In 2006 and 2007, Stern held two solo exhibitions of his Compressionist prints in South Africa. The series premiered in Time and Seeing at Pretoria's experimental Outlet Gallery, and a much larger body of work, including digital and traditional prints, opened as Call and Response at Johannesburg's Art on Paper Gallery (now called Gallery AOP). On January 31, 2008, Ten Cubed Gallery in Second Life was launched. For its inaugural exhibition, Crossing the Void II, owner and curator Haydn Shaughnessy selected five artists working in and with modern technologies: Stern along with Chris Ashley from Oakland, CA; Jon Coffelt from New York, NY; Claire Keating from Cork, Ireland; and Scott Kildall from San Francisco, CA.

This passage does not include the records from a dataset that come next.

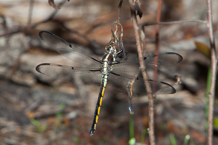 In early May, 2009, I was back at the same location where the above images were taken. It was a dark and cloudy morning, but I found several teneral male and female Bar-winged Skimmers. The next 3 shots were taken with a Canon EOS 50D and an EF 70-200mm F/2.8 L IS lens and 2X extender and 580 flash. The shot shown here shows a young male while the next 2 shots show a female. |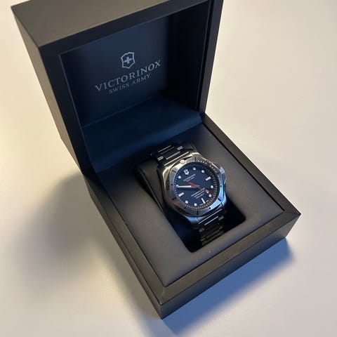 Ingår: oanvänt orginal Luminox läderarmband i mörkare brunt, låda med tillhörande böcker, garantikort.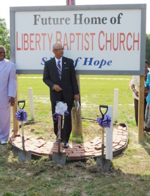Pastor James H. Johnson, Jr. prepares for ground breaking services for the construction of the new Liberty Baptist Church in Charles City on May 25. The ceremony was held in conjunction with the church’s 145th anniversary and attended by many community members.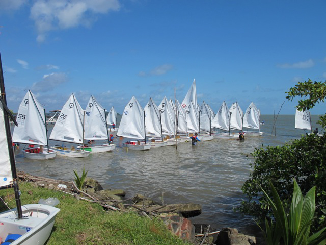 On Sunday, March 9th, the 86th annual Baron Bliss Harbor Regatta was held as part of the opening events for Reef Weeks. The regatta was presided over by Governor General Sir Colville Young. The Baron Bliss Harbor Regatta consisted of four races with 47 participating sailors in the optimist class. Once again SPJSC claimed the first place as Kevin Vasquez took the win with three points. Second place went to Antonio Ricardez Jr. of BCSC with seven points. Blanca Vasquez of SPJSC came in third with 13 points, followed by Trent Hardwick of Sea Scouts in fourth with 14 points and Faith Noel of SPJSC in fifth with 15 points. Top ten finishers included: Gorge Olivarez (SPR) in 6th, Jerdon Anderson (SPJSC) in 7th, Patrick Rhamdas (PSC) in 8th, Christian Trejo (SPJSC) in 9th and Tyler Garbutt (PSC) in 10th. Other participating members of SPJSC included: DavinPuc in 11th, Samantha Velasquez in 13th, Beverly Medrano in 14th, Kathryn Salinas in 17th, Lucy Verralls in 20th, Katie Maxson in 25th, and Gabbi Knox in 35th place. SPR members included: Sarah White in 14th, Mitchell Sersland in 30th, David Syme in 46th and Caroline Sersland in 47th.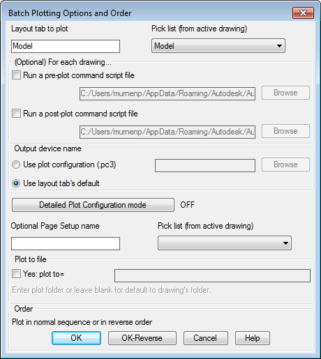 Make sure to select which layout you want to plot for the selected drawings. If you have a page setup defined, enter the name.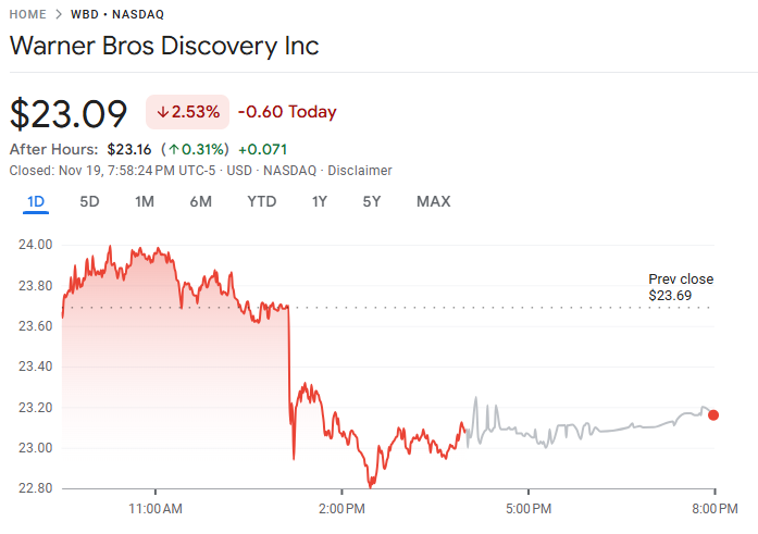11 月 19 日至 20 日,《华尔街日报》报道,Paramount Skydance(PSKY)对华纳兄弟探索(WBD)的最新收购报价仍徘徊在每股约 23.5 美元区间,未能达到市场预期。此前《Variety》曾称报价超过每股 28 美元,但该消息已被 PSKY 否认,令投资者情绪明显降温,WBD 股价下跌 2.5%。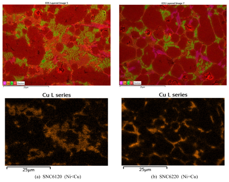 상에 고용이 가능하여 고용강화 효과를 얻을 수 있는 합금원소인 Cu와 α-Al 상에 고용되지 않고 입계에 강화상을 생성하는 합금원소인 Ni을 선정하여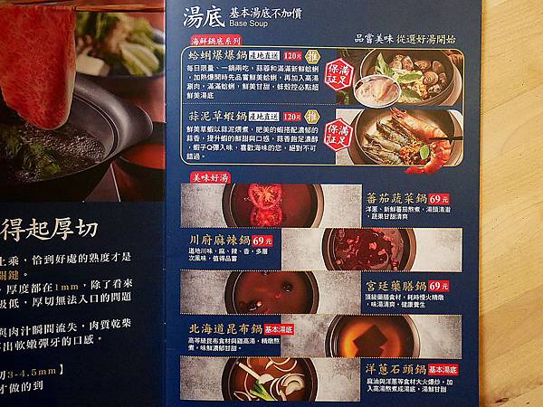 湯底的部分選擇還不少,石頭鍋和昆布鍋都是免費附贈,其他湯底則是加價換購
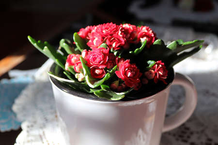 Kalanchoe Blossfeldiana (Flaming Katy, Christmas Kalanchoe, Florist Kalanchoe) on the window. Close-up, selective focus
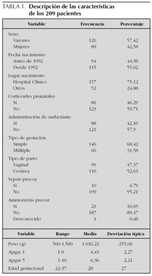 Se definieron las siguientes variables como características de nuestros pacientes: "sexo", "tipo de gestación" (simple o múltiple); "administración de corticoides prenatales" (presente o ausente); "amniorrexis" (< 24 h, ≥ 24 h); "semanas de gestación", "tipo de parto" (vaginal o por cesárea); "fecha de parto" distinguiendo a los nacidos antes de 1992 o a partir de ese año; "procedencia" (en el hospital mencionado o fuera del mismo); "peso al nacimiento", "puntuación de Apgar al primer y quinto minuto de vida"; "enfermedad de membrana hialina" clasificada en grados según los hallazgos clínicos y radiológicos previos a la ventilación asistida; "administración de sustancia tensoactiva" (no administrada, profiláctica o terapéutica) y la existencia o no de "sepsis precoz" con confirmación bacteriológica.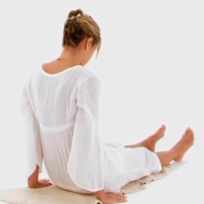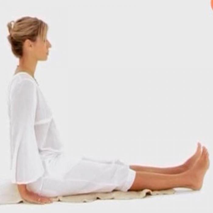 ВыбратьСядьте прямо, ноги вытяните перед собой, ступни вместе. Руками упритесь в пол рядом с бедрами, опустите голову, подбородок прижмите к груди. Положение рук чрезвычайно важно — они должны быть точно напротив бедер!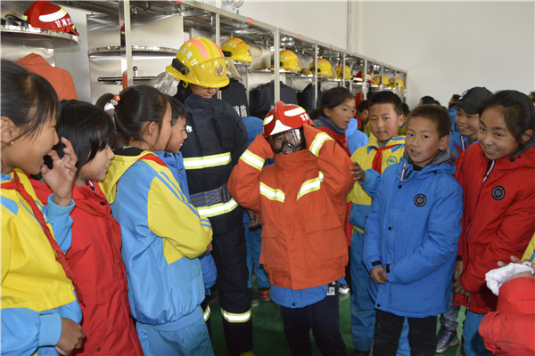 中国甘肃在线甘南讯,“你拍一,我拍二,生命安全数第一;你拍二,我拍二,学习消防在一块儿;你拍三,我拍三,消防站里去参观……”119宣传月来临之际,碌曲县城关小学百余名萌娃,唱着儿歌,迈着整齐的步伐来到碌曲县消防救援大队,开启一堂别开生面的消防“盛宴”。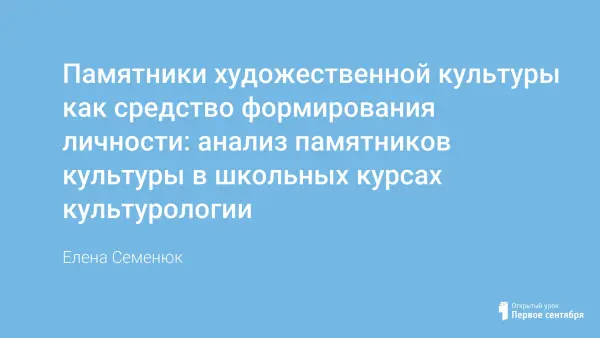 Памятники художественной культуры как средство формирования личности: анализ памятников культуры в школьных курсах культурологии

In 2010, Stern's Distill Life collaborations with Jessica Meuninck-Ganger were presented as part of the Passing Between solo exhibition at Gallery AOP in Johannesburg, as well as solo exhibitions at the Museum of Wisconsin Art and Elaine Erickson Gallery in Wisconsin. Given Time launched as part of a solo exhibition at Greylocks Arts in March 2010. The show, which also exhibited Distill Life works, was curated by Jo-Anne Green of Turbulence.org. Falling Still, a collaboration with Yevgeniya Kaganovich," premiered in the Art History Gallery at the University of Wisconsin in December 2010.

In June 2011 Stern again worked with Kaganovich on Strange Vegetation, a project involving "breathing" latex sculptures that react to changes in light and temperature. The installation was displayed at the Villa Terrace Decorative Arts Museum in Milwaukee, Wisconsin. In August of the same year, Stern's exhibit Giverny of the Midwest opened at Gallery AOP in Johannesburg. The exhibit, inspired by Claude Monet's series Water Lilies, featured images of a pond in Indiana taken with a HP scanner while Stern walked through the pond. In October 2011, Stern and Jessica Meuninck-Ganger's collaborative project 13 Views of a Journey opened at the Haggerty Museum of Art on the Marquette University campus featuring a blend of print and video imagery.

Stern's work has also been shown at the Venice Biennale, Museum of Contemporary Art, Sydney, South African National Gallery, Johannesburg Art Gallery, International Print Center New York, Herbert F. Johnson Museum of Art, Pretoria Art Museum, John Michael Kohler Arts Center, Milwaukee Art Museum, Museum of Wisconsin Art, Inter-Society for the Electronic Arts and festivals and performances all over the world.